--- EXERCISE GOAL ---
In the entries below, find the lines that include "Ford" and give their number as the whole reply.

--- GIVEN DATA ---
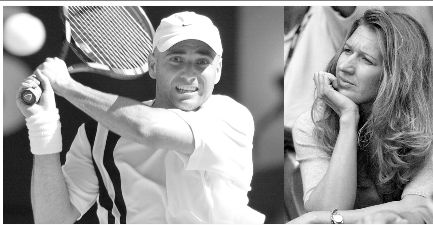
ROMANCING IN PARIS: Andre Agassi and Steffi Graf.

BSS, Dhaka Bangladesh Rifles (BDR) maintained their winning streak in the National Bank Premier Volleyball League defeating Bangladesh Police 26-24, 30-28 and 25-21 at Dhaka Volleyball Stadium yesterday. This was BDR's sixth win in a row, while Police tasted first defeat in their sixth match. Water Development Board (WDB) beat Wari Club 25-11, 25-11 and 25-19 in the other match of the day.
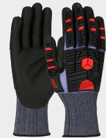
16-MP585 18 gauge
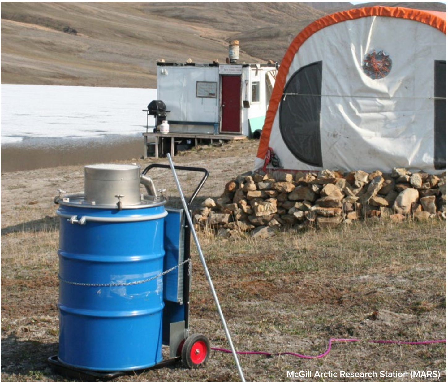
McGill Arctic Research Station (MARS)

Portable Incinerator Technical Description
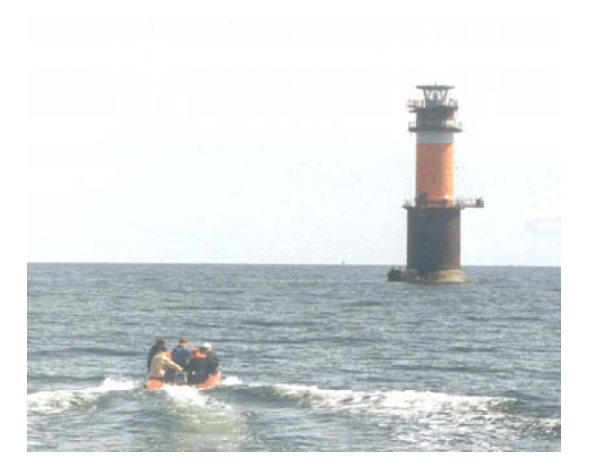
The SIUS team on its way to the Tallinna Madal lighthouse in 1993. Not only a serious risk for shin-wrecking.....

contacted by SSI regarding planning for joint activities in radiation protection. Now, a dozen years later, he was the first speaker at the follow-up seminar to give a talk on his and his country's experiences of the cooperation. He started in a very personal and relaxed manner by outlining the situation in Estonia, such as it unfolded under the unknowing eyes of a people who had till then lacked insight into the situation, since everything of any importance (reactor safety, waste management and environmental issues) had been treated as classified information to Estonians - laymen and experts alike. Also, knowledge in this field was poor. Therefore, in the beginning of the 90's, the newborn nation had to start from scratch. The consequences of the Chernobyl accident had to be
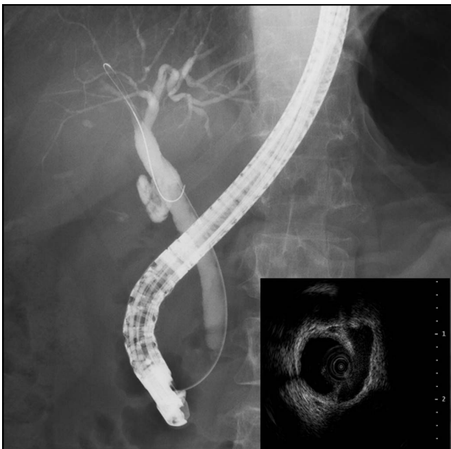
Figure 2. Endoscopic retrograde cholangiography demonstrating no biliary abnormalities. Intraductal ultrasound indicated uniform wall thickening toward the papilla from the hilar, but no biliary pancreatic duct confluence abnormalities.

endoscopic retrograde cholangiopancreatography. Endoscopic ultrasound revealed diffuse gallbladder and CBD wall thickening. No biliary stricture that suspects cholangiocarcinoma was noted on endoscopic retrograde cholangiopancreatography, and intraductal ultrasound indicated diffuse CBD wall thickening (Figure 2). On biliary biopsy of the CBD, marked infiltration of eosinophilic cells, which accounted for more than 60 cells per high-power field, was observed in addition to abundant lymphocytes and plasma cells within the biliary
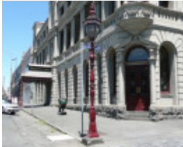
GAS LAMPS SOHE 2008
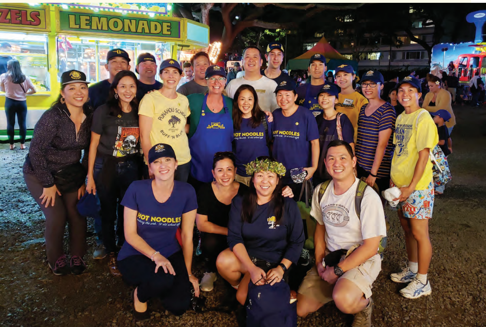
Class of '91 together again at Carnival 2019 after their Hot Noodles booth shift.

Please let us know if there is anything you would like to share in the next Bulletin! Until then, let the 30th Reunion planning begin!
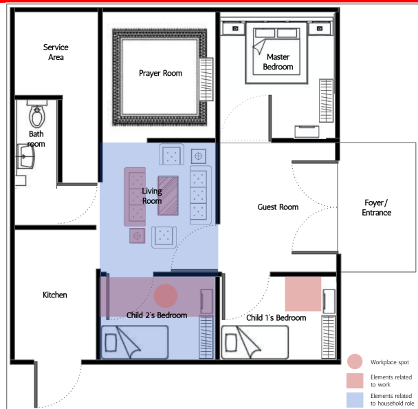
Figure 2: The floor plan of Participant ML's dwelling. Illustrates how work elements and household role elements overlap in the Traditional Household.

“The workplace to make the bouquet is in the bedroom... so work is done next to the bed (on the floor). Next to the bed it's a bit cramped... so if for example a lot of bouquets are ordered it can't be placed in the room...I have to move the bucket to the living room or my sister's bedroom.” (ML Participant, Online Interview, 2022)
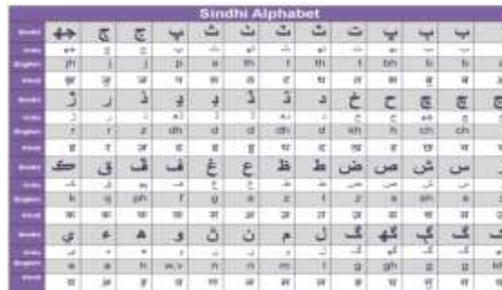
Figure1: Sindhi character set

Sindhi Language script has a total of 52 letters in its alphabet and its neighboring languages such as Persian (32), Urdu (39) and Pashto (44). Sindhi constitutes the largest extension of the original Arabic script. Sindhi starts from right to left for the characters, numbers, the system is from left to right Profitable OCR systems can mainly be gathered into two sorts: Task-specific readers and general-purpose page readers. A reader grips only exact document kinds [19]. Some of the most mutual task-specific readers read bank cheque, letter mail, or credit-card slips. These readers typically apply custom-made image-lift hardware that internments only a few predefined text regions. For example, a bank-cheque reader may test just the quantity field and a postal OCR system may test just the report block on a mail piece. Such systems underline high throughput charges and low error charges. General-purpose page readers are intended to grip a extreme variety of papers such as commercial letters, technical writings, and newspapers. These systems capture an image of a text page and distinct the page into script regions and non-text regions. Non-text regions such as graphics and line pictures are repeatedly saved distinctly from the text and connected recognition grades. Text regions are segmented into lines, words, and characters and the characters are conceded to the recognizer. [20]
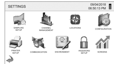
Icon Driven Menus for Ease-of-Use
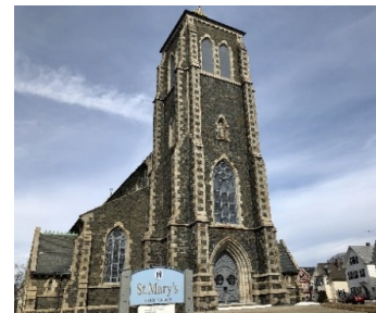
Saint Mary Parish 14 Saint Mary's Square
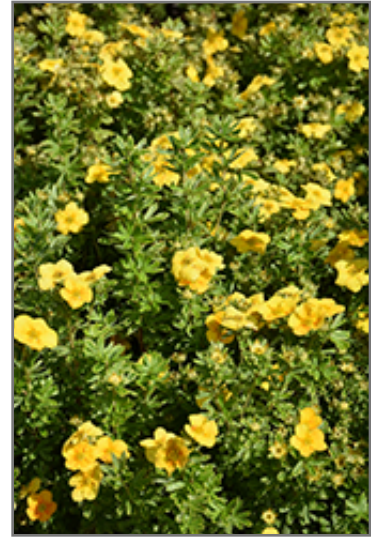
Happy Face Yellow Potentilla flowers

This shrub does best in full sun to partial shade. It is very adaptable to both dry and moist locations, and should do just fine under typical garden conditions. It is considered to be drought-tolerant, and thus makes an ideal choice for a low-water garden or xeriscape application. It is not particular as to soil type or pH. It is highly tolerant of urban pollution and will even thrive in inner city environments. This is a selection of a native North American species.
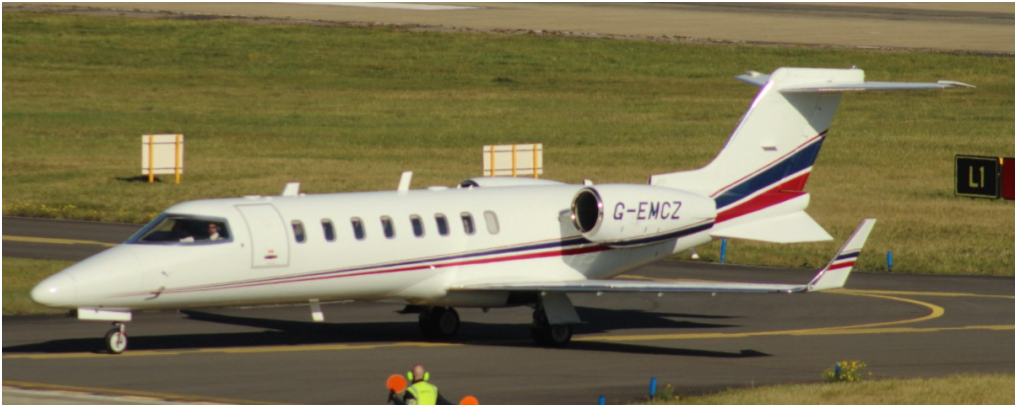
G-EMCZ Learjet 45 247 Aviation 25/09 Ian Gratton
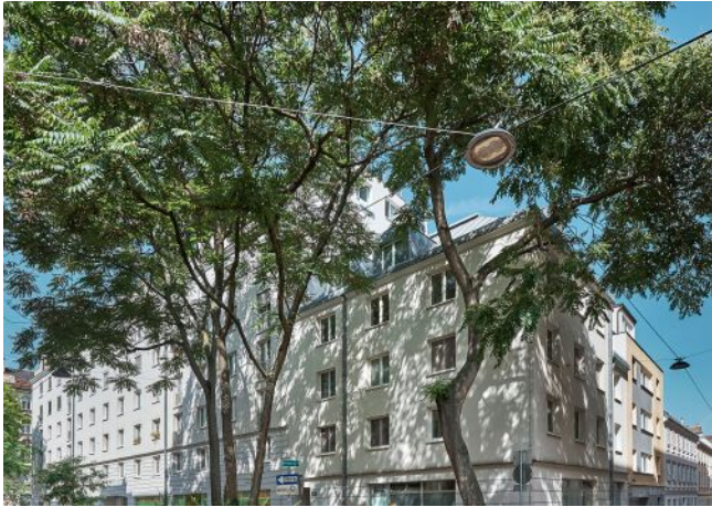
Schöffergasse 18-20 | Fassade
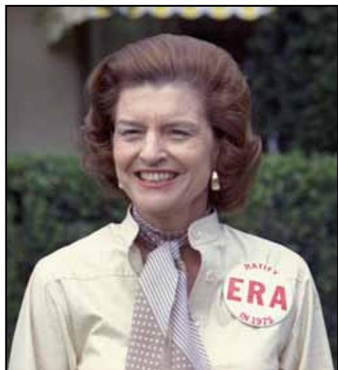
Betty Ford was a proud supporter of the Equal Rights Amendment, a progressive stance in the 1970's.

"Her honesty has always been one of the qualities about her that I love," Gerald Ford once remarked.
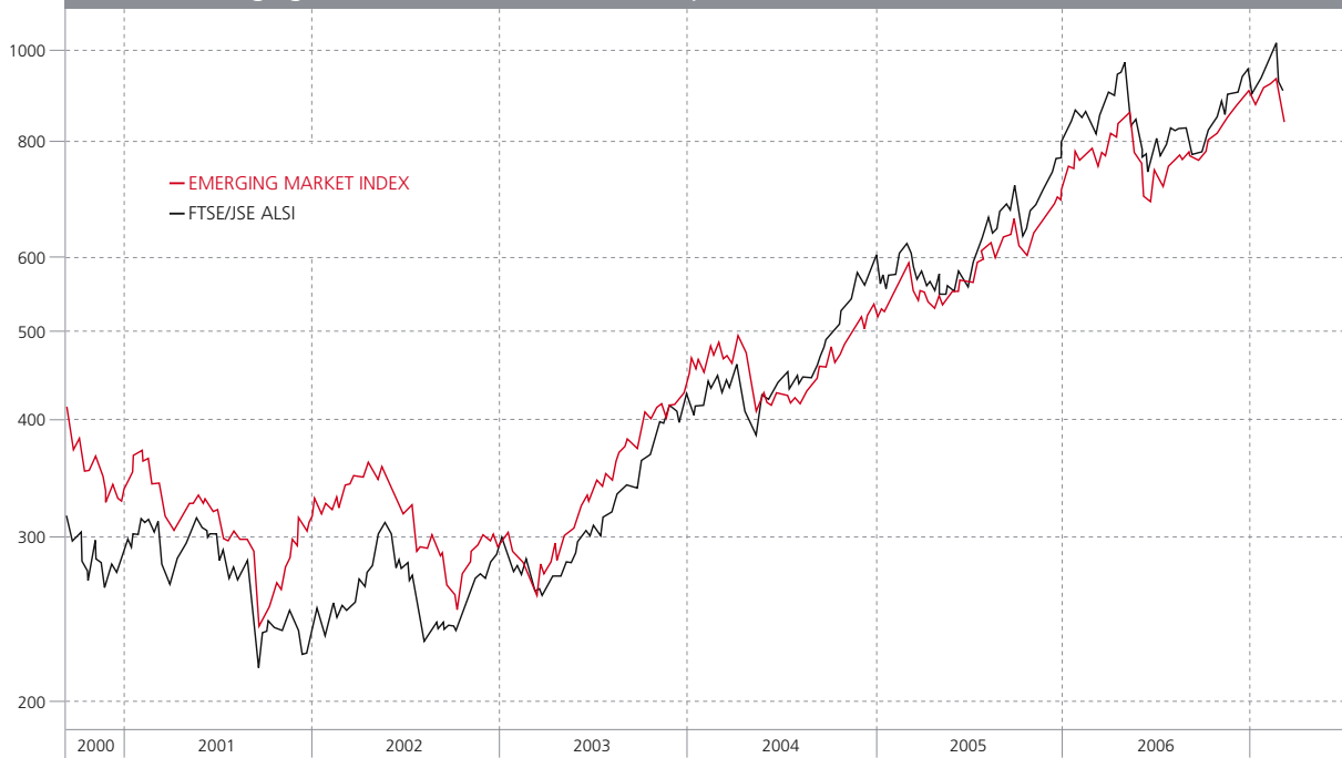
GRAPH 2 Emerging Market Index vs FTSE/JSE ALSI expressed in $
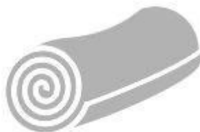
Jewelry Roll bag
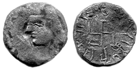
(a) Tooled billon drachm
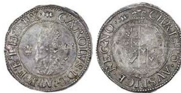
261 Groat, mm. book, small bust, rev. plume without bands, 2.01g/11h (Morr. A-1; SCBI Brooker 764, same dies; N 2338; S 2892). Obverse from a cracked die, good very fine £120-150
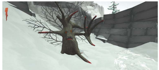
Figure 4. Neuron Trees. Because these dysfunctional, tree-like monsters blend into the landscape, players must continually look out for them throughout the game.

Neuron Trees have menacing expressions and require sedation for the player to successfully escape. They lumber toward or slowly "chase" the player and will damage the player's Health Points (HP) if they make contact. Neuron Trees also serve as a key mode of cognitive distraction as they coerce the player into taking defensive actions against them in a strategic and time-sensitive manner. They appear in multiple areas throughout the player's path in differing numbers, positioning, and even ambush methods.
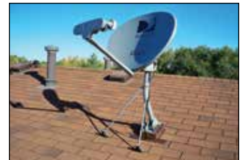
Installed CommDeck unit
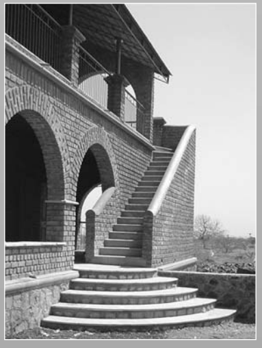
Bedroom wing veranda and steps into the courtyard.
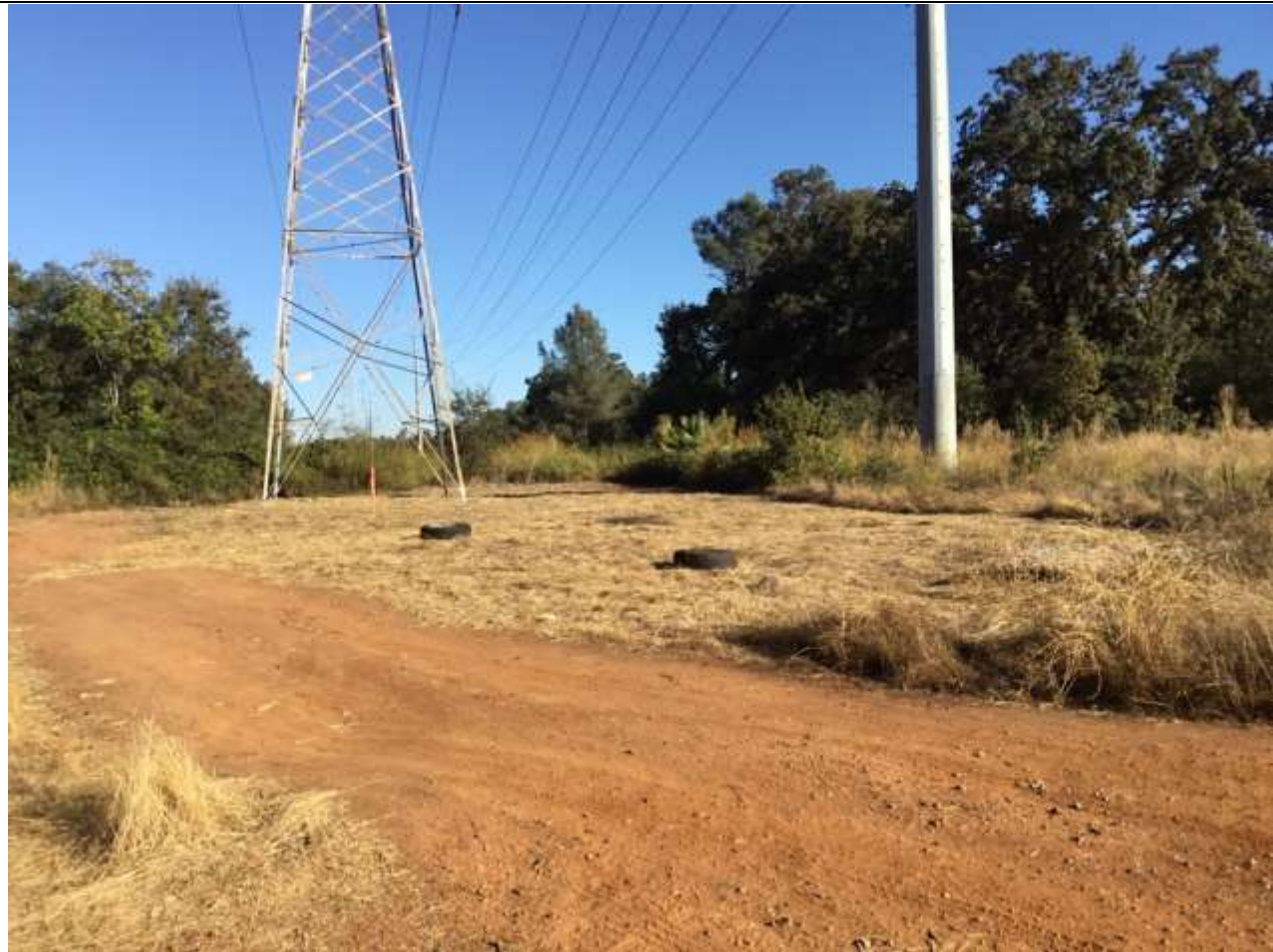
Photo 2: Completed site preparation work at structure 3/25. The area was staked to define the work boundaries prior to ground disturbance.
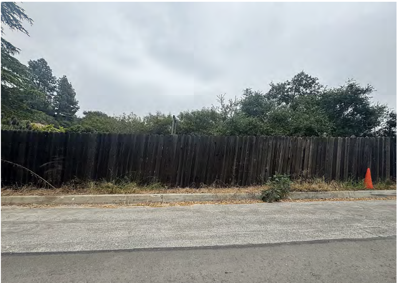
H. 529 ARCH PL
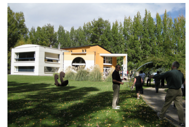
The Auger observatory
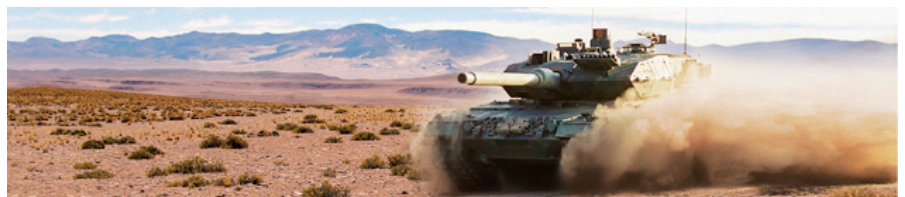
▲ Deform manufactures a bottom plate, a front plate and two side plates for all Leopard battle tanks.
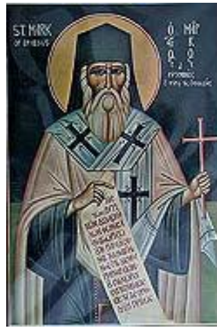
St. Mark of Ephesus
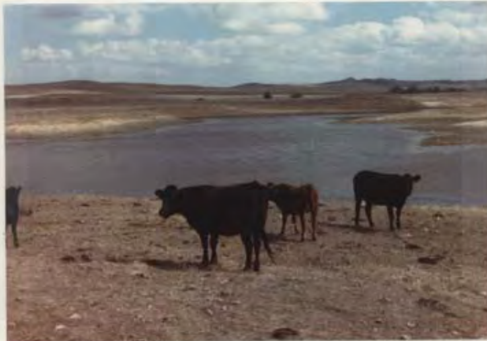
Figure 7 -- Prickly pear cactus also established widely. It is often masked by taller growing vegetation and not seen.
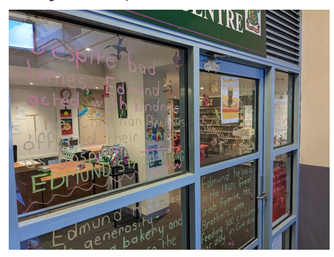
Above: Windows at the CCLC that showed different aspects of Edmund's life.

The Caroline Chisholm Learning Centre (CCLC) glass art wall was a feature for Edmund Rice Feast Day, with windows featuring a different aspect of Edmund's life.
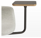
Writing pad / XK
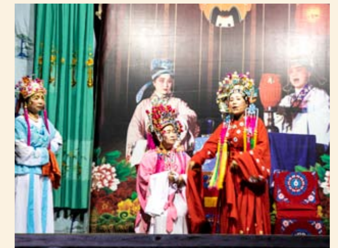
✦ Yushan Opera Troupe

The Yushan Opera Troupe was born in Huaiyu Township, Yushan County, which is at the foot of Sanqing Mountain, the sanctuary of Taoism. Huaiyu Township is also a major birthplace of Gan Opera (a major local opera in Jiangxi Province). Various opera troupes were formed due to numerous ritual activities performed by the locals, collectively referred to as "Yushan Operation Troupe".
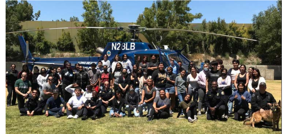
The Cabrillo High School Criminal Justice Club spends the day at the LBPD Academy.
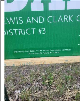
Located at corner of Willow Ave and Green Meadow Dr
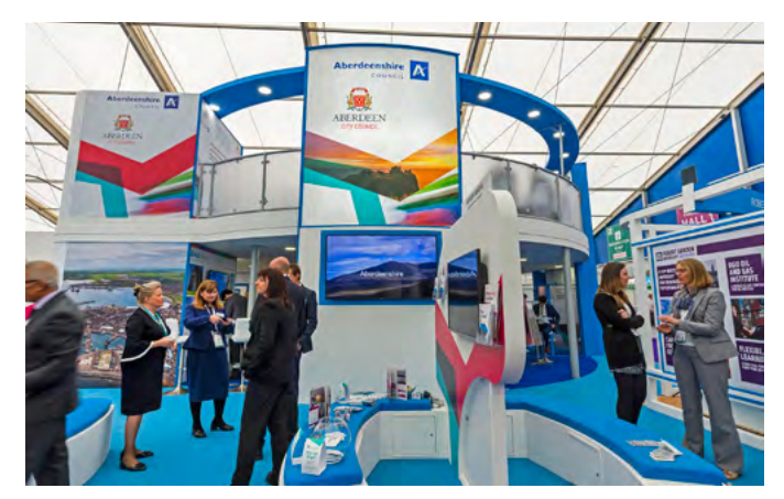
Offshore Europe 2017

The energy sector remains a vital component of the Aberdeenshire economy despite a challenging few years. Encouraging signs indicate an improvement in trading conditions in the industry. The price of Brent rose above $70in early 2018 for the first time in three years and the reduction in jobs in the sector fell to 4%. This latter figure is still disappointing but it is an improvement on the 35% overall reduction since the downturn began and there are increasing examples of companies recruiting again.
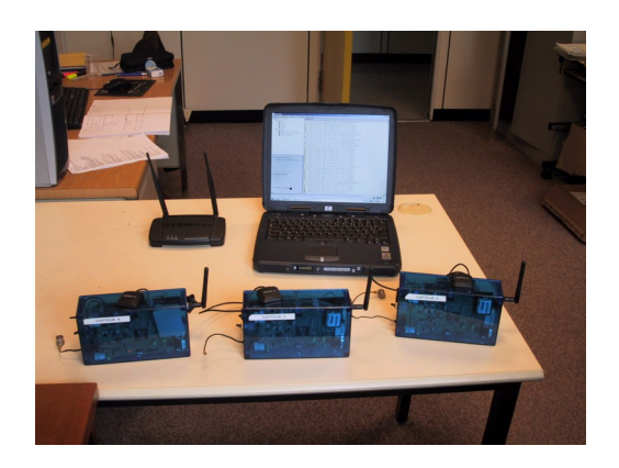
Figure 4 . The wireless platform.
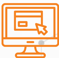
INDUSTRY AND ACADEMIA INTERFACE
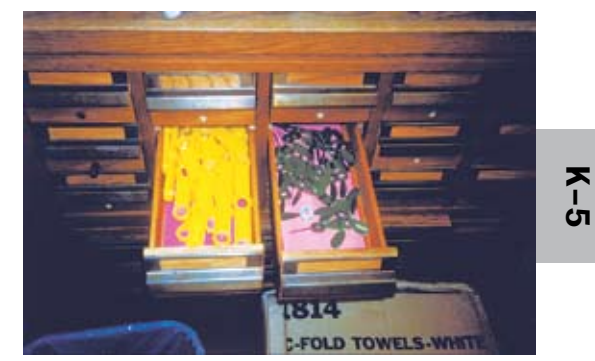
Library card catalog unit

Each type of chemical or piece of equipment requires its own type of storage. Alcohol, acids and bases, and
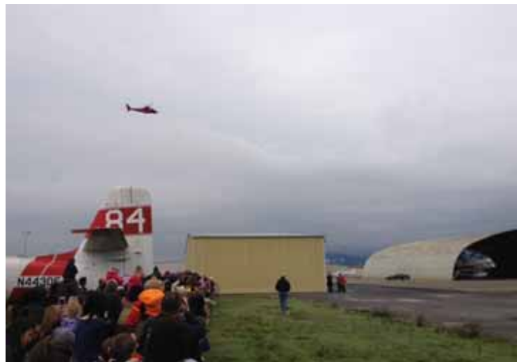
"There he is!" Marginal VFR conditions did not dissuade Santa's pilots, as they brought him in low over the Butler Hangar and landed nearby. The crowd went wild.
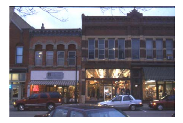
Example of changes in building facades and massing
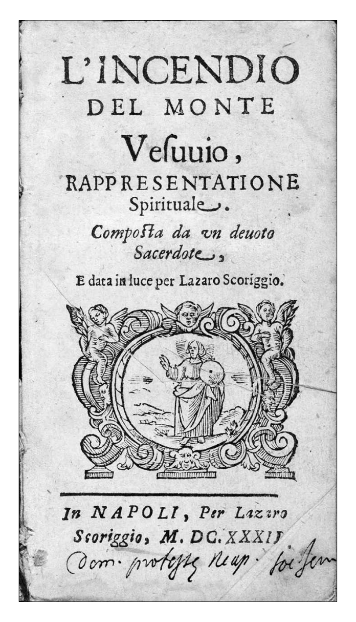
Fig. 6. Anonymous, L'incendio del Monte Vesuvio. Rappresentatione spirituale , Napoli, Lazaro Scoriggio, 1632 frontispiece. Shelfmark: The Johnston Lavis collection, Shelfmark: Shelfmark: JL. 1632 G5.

--- SOLUTION FOR THIS PROBLEM ---
2